The Washington fight, conducted mostly behind closed doors, has been overshadowed by the noisy debate over health care. That’s fine with investment bankers, who for years quietly wielded their financial and lobbying clout on Capitol Hill to kill efforts to regulate derivatives. This time could be different. The reason: widespread public and Congressional anger over the role derivatives such as credit-default swaps played in the worst financial crisis since the Great Depression…

The five biggest derivatives dealers in the U.S. — JPMorgan, Goldman Sachs, Bank of America, Morgan Stanley and Citigroup Inc. — held 95 percent of the $291 trillion in notional derivatives value of the country’s 25 largest bank holding companies at the end of the first quarter, according to a report by the Office of the Comptroller of the Currency. More than 90 percent of those derivatives were traded over the counter, the OCC data show…

Obama’s plan deals another blow to banks. It aims to discourage them and their customers from using non-standard, or customized, derivatives that can’t be processed by a clearinghouse or traded on an exchange by requiring that parties to such trades hold more capital to protect themselves against losses. The plan would also require they put up more money, known as margin, to insure they make good on the trades. Both changes would impose added costs on banks and some customers…

The Obama proposals don’t go as far as some people have urged. Hedge fund billionaire George Soros and Berkshire Hathaway Inc. Vice Chairman Charles Munger are among investors who have called for limits on the use of credit-default swaps. Soros wrote in a March 24 Wall Street Journal column that regulators should ban so-called naked swaps, in which the buyer isn’t protecting an existing investment.
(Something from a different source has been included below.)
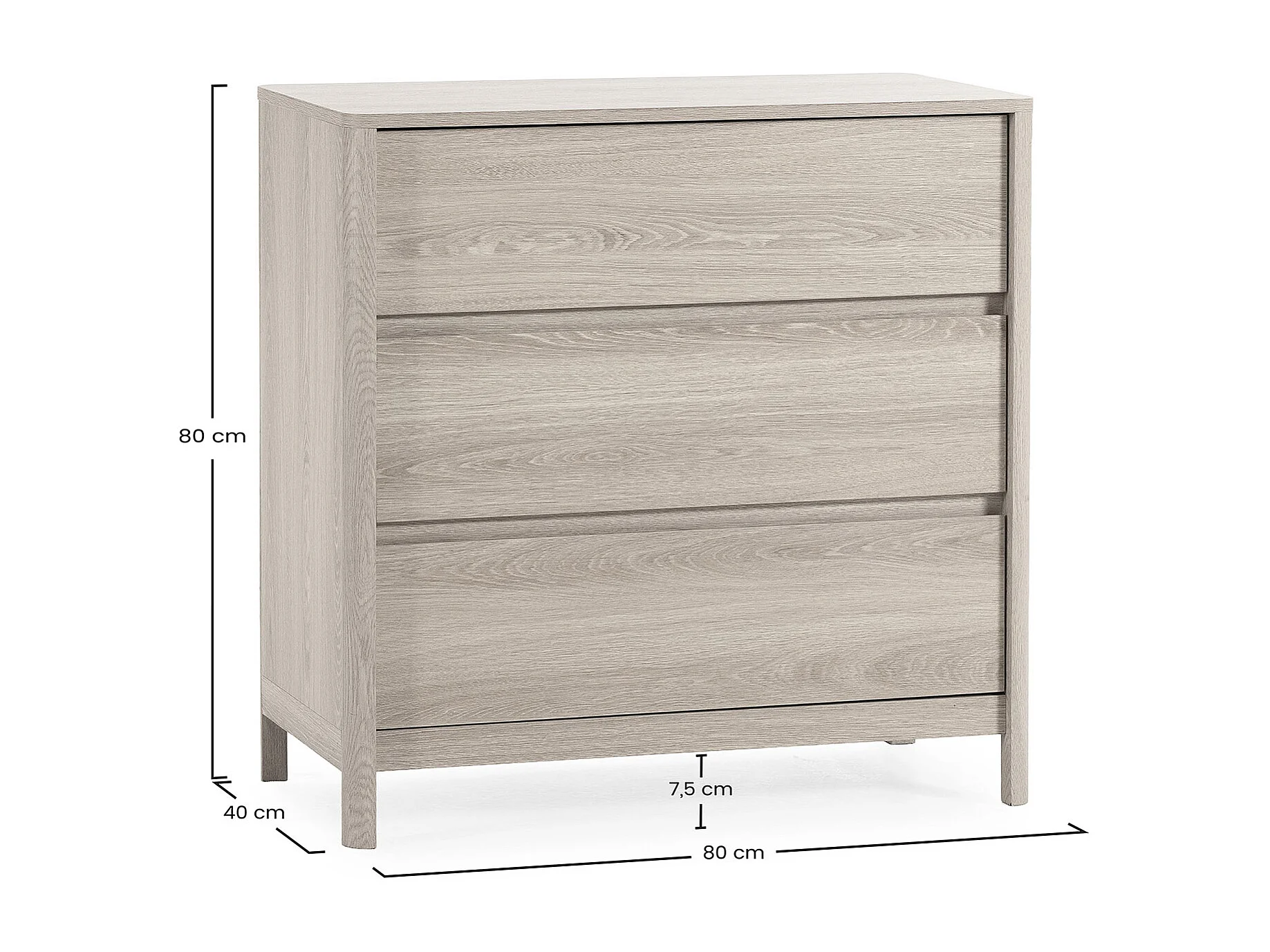 Kommode Nassau 3 schubladen Eichenfarbe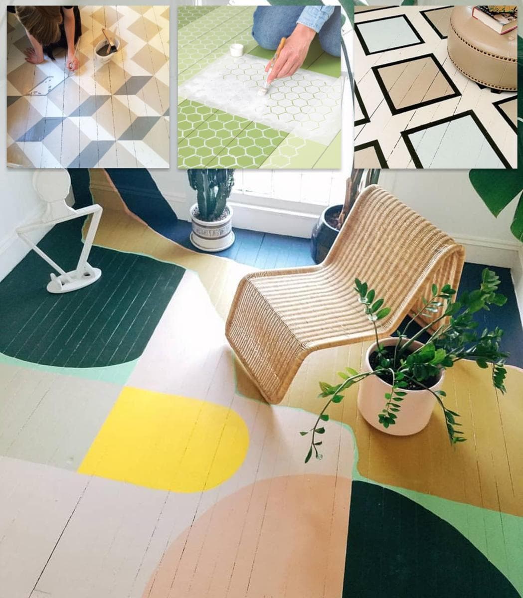 Можно проявить собственные творческие способности и создать на полу геометрический, цветочный или абстрактный рисунок. С этой целью необходимо предварительно разработать схему, затем подготовить в реальном размере трафареты. Сначала окрашивают весь пол в основной тон, дают ему просохнуть, а затем через трафарет наносят орнамент или рисунок.

Two days later Treasury Secretary Timothy Geithner dismissed such an idea before the House Financial Services Committee, telling members that “my own sense is that banning naked swaps is not necessary and wouldn’t help fundamentally.”
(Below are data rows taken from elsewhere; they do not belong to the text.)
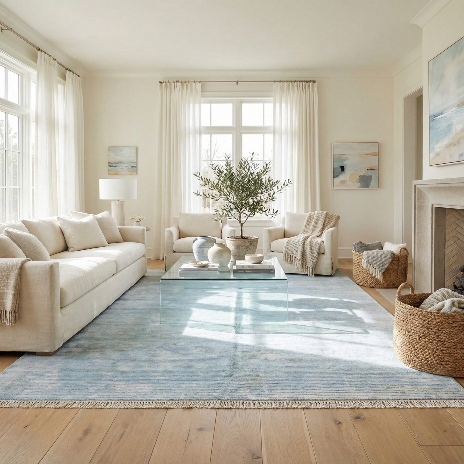 The soft woolen texture of this rug creates a comfortable surface underfoot and the hand-knotted construction ensures each piece is unique. The serene hue of light blue can act as a neutral base in various interior design styles, harmonizing with minimalist, coastal, or contemporary décor while also capable of softening more eclectic or industrial environments.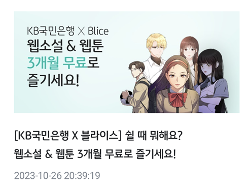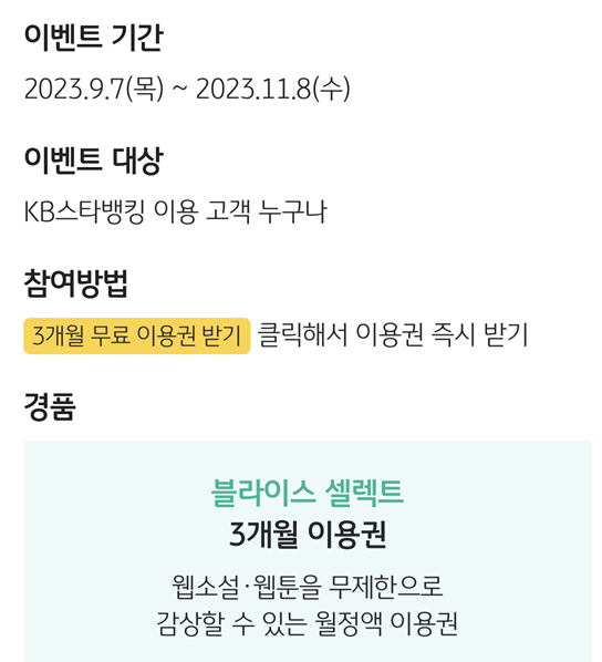 이 이벤트가 좋은 것은 바로 블라이스를 3개월이나 무료로 볼 수 있다는 것입니다. 이벤트 대상은 KT스타뱅킹 이용고객이라면 누구나 가능하고, 이벤트 페이지에서 3개월 무료 이용권 받기를 클릭하면 이용권을 즉시 받을 수 있습니다.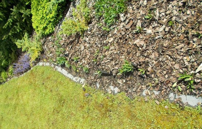 Je velký výběr obrubníků z jakéhokoliv materiálu, já osobně mám 10cm vyhloubené žlábky , které mám zasypané kačírkem .Nikam se to netrousí a nepřekáží při sekání..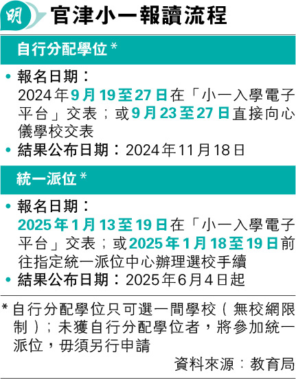 【明報專訊】明年9月升讀官津學校小一級的「自行分配學位」選校期,上周四(19日)在網上展開,而今日起家長亦可親往心儀學校交表。適齡學童減少下,有葵涌區校長鼓勵家長安排子女原區就學,不宜「蜂擁博入」跨區名校。有中西區小學校長預料當區入學競爭與過往相若。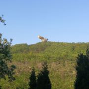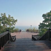 童牛岭风景区南边是泊石湾海滨,渔公码头,可以远远望见童牛飞天像。沿着银岭路到童牛飞天景区石头指路牌这里,可以走山路往童牛飞天像前进。 山路蜿蜒直上,有石路,有木阶梯,适合步行,转几个圈就来到了童牛岭童牛像前,慢走的话,可以看海景山景,记起了这首诗,欲穷千里目,更上一层楼。景色宜人,我还拍到了松鼠,惊喜。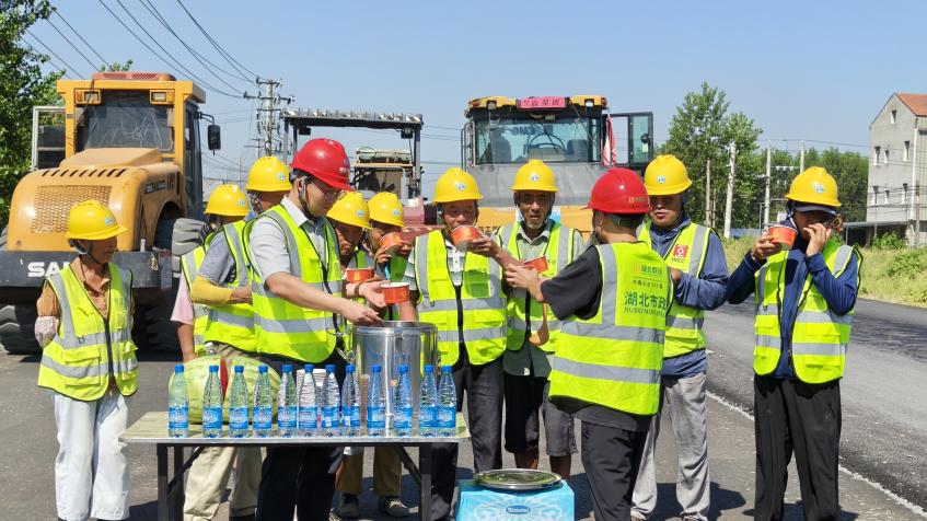 為切實(shí)做好防暑降溫工作、保障一線工人身體健康,漢川片區(qū)黨支部書(shū)記李昊、項(xiàng)目經(jīng)理王程帶領(lǐng)黨員先鋒隊(duì),深入水穩(wěn)鋪設(shè)作業(yè)現(xiàn)場(chǎng),為堅(jiān)守崗位的工人送去瓶裝水、綠豆湯、西瓜等防暑物資,將黨組織的關(guān)懷與清涼送到大家心坎上。高溫下的堅(jiān)守,是勞動(dòng)者的擔(dān)當(dāng),烈日中的關(guān)懷,是黨組織的溫度。漢川片區(qū)黨支部的黨員干部以實(shí)際行動(dòng)踐行初心使命,用貼心舉措詮釋先鋒模范作用,不僅為一線工人驅(qū)散了暑熱,更為項(xiàng)目順利推進(jìn)凝聚起強(qiáng)大合力。目前,老荷沙線項(xiàng)目正按照節(jié)點(diǎn)目標(biāo)有序推進(jìn),全體建設(shè)者正以飽滿的熱情沖刺施工任務(wù)。

Janet Tavakoli, founder and president of Tavakoli Structured Finance Inc. in Chicago, said in an interview that derivatives have allowed banks to camouflage risk.

“There has been massive widespread abuse of over-the- counter derivatives, which have contributed to transactions that people knew or should have known were overrated and overpriced at the time they came to market,” said Tavakoli, who traded, structured and sold derivatives over more than two decades in the financial industry.

Wall Street is accustomed to getting its way with derivatives legislation. The last major congressional action, in 2000, was designed to exempt over-the-counter derivatives from government oversight

For Wall Street, the longer it takes to get legislation passed the better. As stock market values and the economy improve, anger at banks is likely to subside…

*"Though the mills of God grind slowly, they grind exceeding fine;
With patience He stands waiting, with exactness all He grinds."